Otherwise, the alternative scenario, because there as always you've got to have alternative scenarios, is that this market might dip below that $1,317 which it already has done, but play in that region and then head back into this channel. So we could be trading within a range of $1,317 to $1,432 and that will be a classic consolidation pattern.

I think a lot of gold traders are really looking for these higher highs and of course at the moment we have got higher highs, higher lows, so the trend on the longer term is still bullish, but right now this is a congestion pattern.
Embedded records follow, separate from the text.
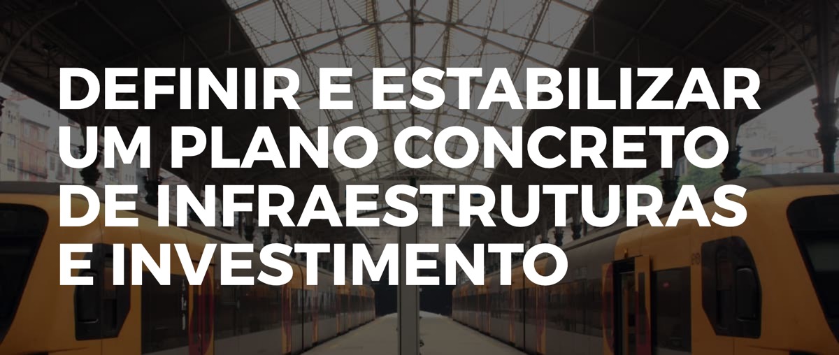Definir e estabilizar um plano concreto de infraestruturas e investimento integrado com o PNPOT e que inclua um Plano Nacional de Mobilidade, planeando a médio-longo prazo com uma verdadeira análise de ciclo de vida e de externalidades da construção e operação, articulando as necessidades de todos os setores e tendo em conta as evoluções tecnológicas, demográficas e climáticas perspetivadas; prevendo nomeadamente a evolução das redes ferroviárias e de metropolitanos, incluindo ligações de alta velocidade e de transporte de mercadorias, articulada com um plano de aquisição e reparação de comboios e material circulante.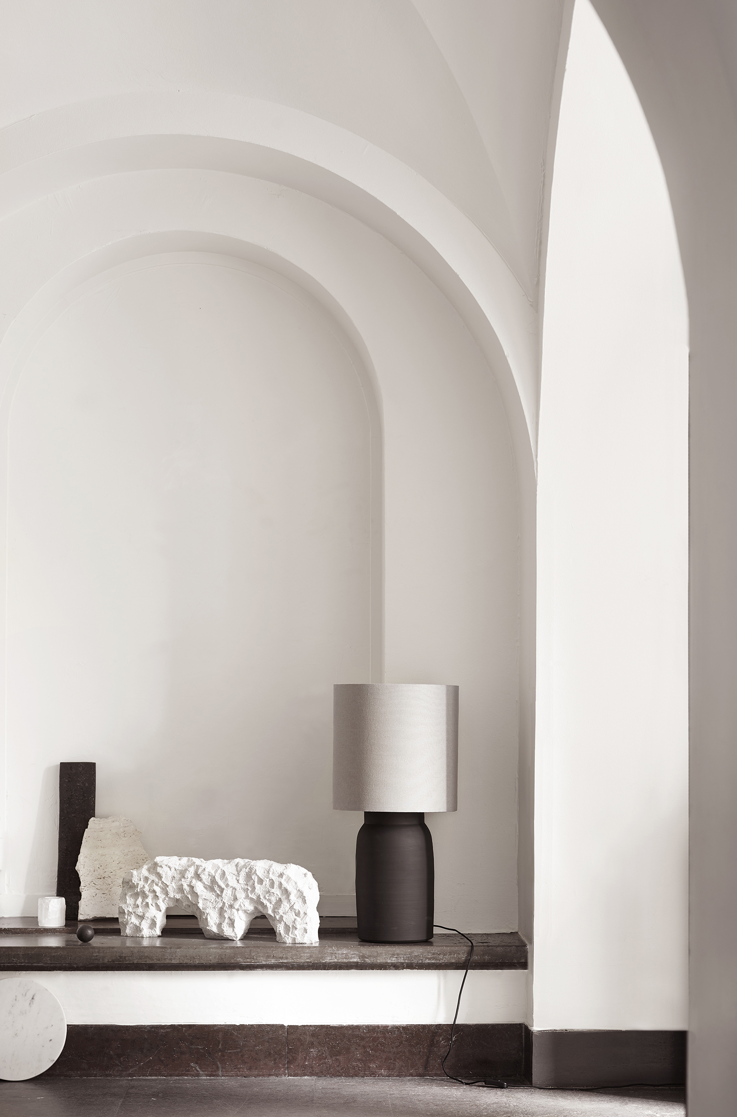 Smuk lampeskærm af hør i en klassisk grå farve. Foret i satin matcher hør farven.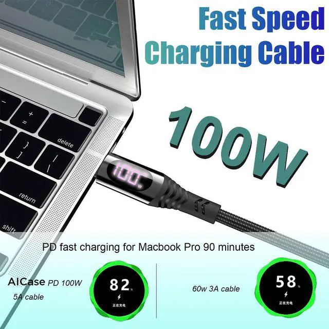 Digital Power Display]: This USB C to USB C cable features a cool led digital power display, which can directly monitor the speed of fast charging when charging your phone, tablet or laptop, charging status at easy glance.
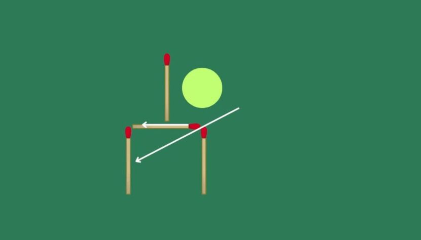 L’image de départ est claire : quatre allumettes disposées de façon à représenter une raquette, avec une petite balle “coincée” à l’intérieur. Votre mission est de faire sortir cette balle… mais sans la toucher directement, et en ne déplaçant que deux allumettes.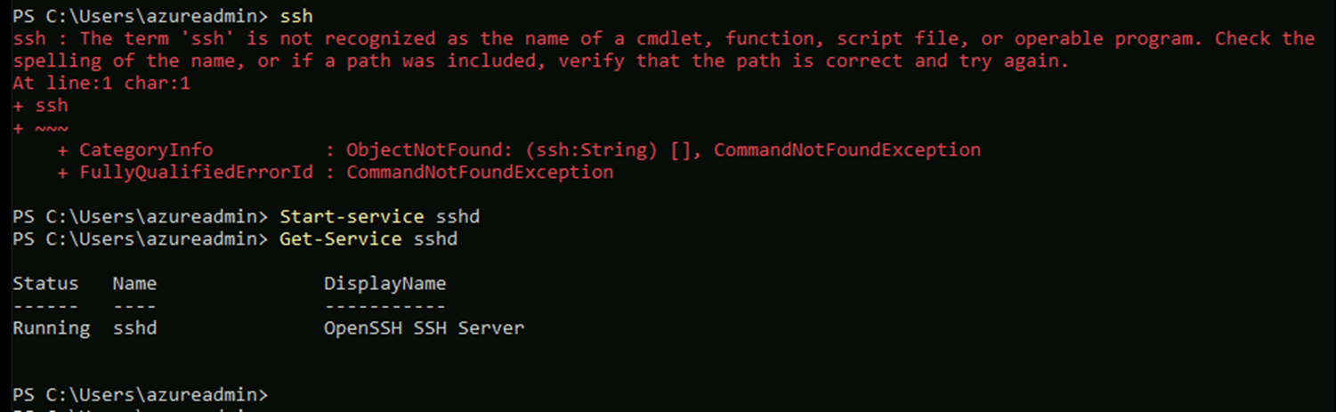 Azure에서 기본 이미지로 윈도우를 설치하면 SSH-Client가 자동으로 설치되는것을 확인했다.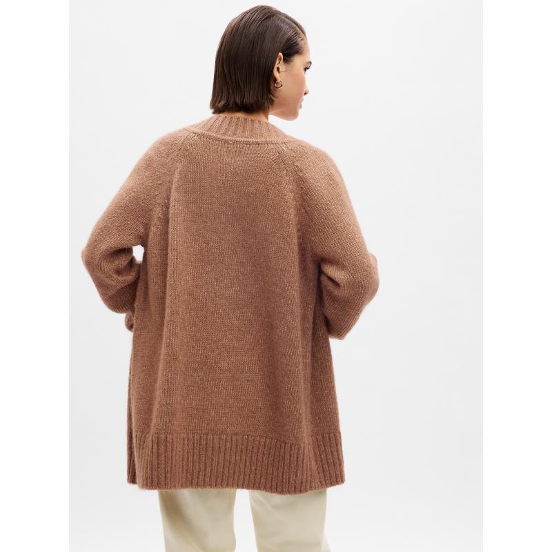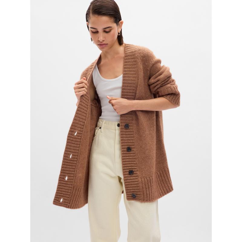 Dámský pletený kardigan.Se zapínáním na knoflíky.Prodloužená délka i rukávy.S příměsí vlny.Pokud rády nosíte přiléhavý střih, volte o číslo menší velikost. 45 % polyester, 30 % recyklovaný polyester, 10 % vlna, 10 % nylon, 5 % Alpaka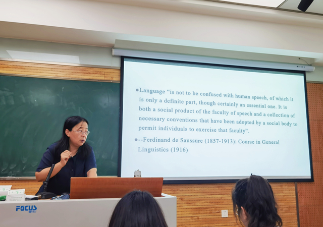 随后,韦老师以举例的方式为大家讲解了语言学的起源、主要流派及它们之间的争论与对语言学发展进程和外语教学的影响。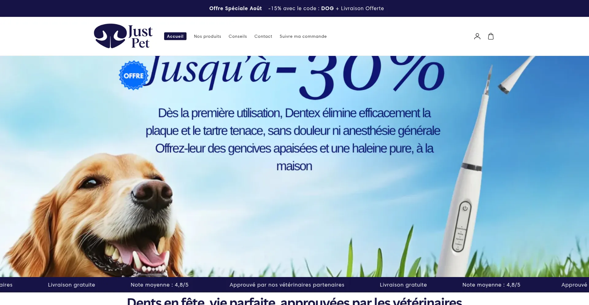 Analysis indicates that justpet.fr operates as an e-commerce platform facilitating online transactions for goods or services. The website implements shopping cart functionality, payment processing systems, and product catalog features typical of commercial retail operations.

Also, are there any subtle clues? Yes there are. If you take a look at the previous declines, the one that we've seen recently on the daily chart has been greater. Or in other words, it's more impulsive than the previous ones. That's suggesting that this is a deeper correction, a deeper retracement and also the $1,300 level, what is that? We've discussed this in some of the very early lessons. It's a psychological price level. So it's possible that gold could head even lower still below that $1,317 aiming for the $1,297/$1,300 before finding support and then heading back towards the upside.

So I like gold. I like various other indices and some of the commodities markets right now. I think we've got some good opportunities and it's time to keep an eye on these charts.

So always pay attention to the larger degree trend and see if it is revealing a reversal on the weekly charts and watch for the nearby support levels, the psychological price levels as well, and of course, use the candlesticks patterns to assist with reversals. Lose your opinion and listen to the market because it's telling you a story.

I hope this has been useful for you. In the meantime, have a great and safe trading week. This is Sandy Jadeja.